Power Profiles

Thompson’s Motorsports – Terre Haute, IN – Oct. 16, 2006

101 1st. St.,
Terre Haute, Ind.
Robert Thompson, Chad Thompson, Scott Jaeger
Business Profile
Thompson’s, which started in 1973 as a Honda dealership, is on the verge of a considerable expansion for its powersports side. The dealership, located close to Indiana State University, sells cars and a full selection of powersports vehicles in its current 40,000 square foot facility. But the ownership group purchased 22 acres to build three new facilities, one of which will be a 40,000 square foot building for only powersports. Thompson’s current plans are to have all three dealerships online for the summer/fall of 2007. Currently, the dealership sells Honda, Yamaha, Suzuki and Kawasaki motorcycles, ATVs and scooters. Thompson’s also does a large preowned business, selling one used bike to every three new bikes and hopes to get that number close to two new to every one used. The powersports portion of the dealership has 22 employees.
Greatest Concern
Two concerns come to mind for Sales Manager Scott Westfall: ensuring Thompson’s is constantly prepared to appropriately handle consumers and overcoming poor decisions consumers made at other dealerships. “Reverse equity is a big concern,” Westfall said, noting many consumers fall victim to hidden, inflated fees and then can’t get out from their purchase two years later when they want to trade up. To appropriately handle consumers, Thompson’s aggressively trains its different departments, using internal and external training.
What’s Hot?
UTVs have been huge for Thompson’s. “I’m ordering three times the allotted amount everyday and getting most of them,” Westfall said, “but we still can’t keep a 30-day supply on the ground!” He said sales of Rhinos and Mules have been equally hot.

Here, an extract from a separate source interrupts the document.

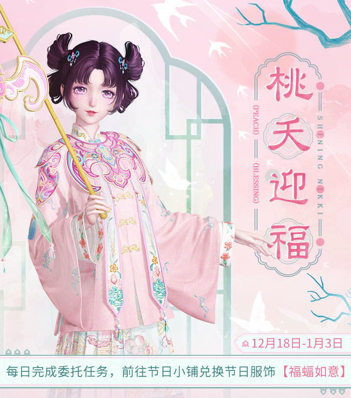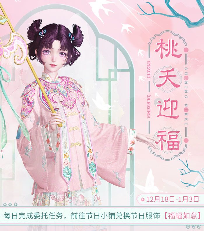 12月18日更新后,活动期间内,每日拜访设计师并完成委托任务,即可获得节庆之章,消耗节庆之章可兑换免费稀有服饰【福蝠如意】!

“The high-end helmets have really been a big benefit this year,” Westfall said, noting the company made a commitment this year to bulk up its Arai and Suomy lines. That commitment and training its staff so they could show consumers the reason for the price difference paid off. “For a long time,” Westfall said, “the only thing we thought we could sell” was a middle price range helmet or less.
Customer Buying Trends
Westfall said they’re averaging $1,300 to $1,400 in accessory sales for the UTVs. Surprisingly, that number doesn’t just include winches and other popular utility parts. More and more of that total accessory amount is including riding apparel, like leather jackets, gloves and helmets.
Parts and Service
Consumers regularly sign up for their first service on the day they purchase their new motorcycle or ATV. That’s part of a process Thompson’s calls a “Departmental Path.” The system, which aims to connect consumers with each of the dealership’s profit centers, starts with the sales department. Once the consumer has picked a new vehicle, they are introduced to the business manager, then begin walking the “path.” The consumer is brought to the accessory department, then the parts department and finally the service department, where the first service is scheduled.
Promotional Home Run
This July, Thompson’s hosted a two-day freestyle show at the dealership. They marketed the event with traditional cable TV, radio and print advertising. Plus, they augmented that by printing fliers and having staff post them at neighboring businesses. The result? More than 8,000 consumers showed up to watch a freestyle motocross team and a freestyle street bike team perform. The event also included special edition Thompson’s T-shirts, food and drink vendors as well as fire trucks and clowns for the kids. “It mostly was for awareness,” said Chad Thompson, one of the owners. “It wasn’t about making money that day.” Still, Westfall said “that following Monday, the rest of the month and following months were fabulous.”
Words of Advice
Both Chad Thompson and Westfall preach the importance of the basics. “People walk in your door and they don’t get greeted or feel welcomed. We saw that happen here too, and after replacing 90 percent of the staff (for various reasons) over the past five years we have those type of basics covered now. That’s the first big phase you have to work on,” Thompson said. “Great customer service is so hard to find when shopping for anything today.”